= Hawkshaw, Scottish Borders =

Village in Scottish Borders, Scotland

Hawkshaw is a pair of semi-detached houses on the River Tweed, two miles southwest of Tweedsmuir in the Scottish Borders. Historically part of Peeblesshire, the original village of Hawkshaw was destroyed when the Fruid Reservoir was constructed in 1963, and is remembered as the ancestral family home of the Porteous family, dating from at least 1439.

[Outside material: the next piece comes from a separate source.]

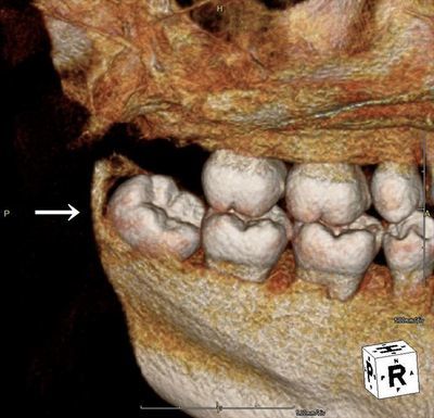 親知らずがわずかに顔を覗かせています。(半埋伏智歯)

A fortified tower stood on a hill overlooking the village for hundreds of years, although little remains of it now, its site being marked with a cairn built from stones from the original tower; this was probably one of a series of so-called Peel towers, small fortified keeps built along the Scottish Borders, intended as watch towers where signal fires could be lit to warn of approaching danger. A line of these towers was built in the 1430s across the Tweed valley from Berwick to its source (a few miles from Hawkshaw) as a response to the dangers of invasion from the English Borders. Hawkshaw was one of over two dozen of these in Peeblesshire alone.

Roman artefacts have also been found in the vicinity, pre-dating the tower and indicating continuity of habitation in the area for some hundreds of years.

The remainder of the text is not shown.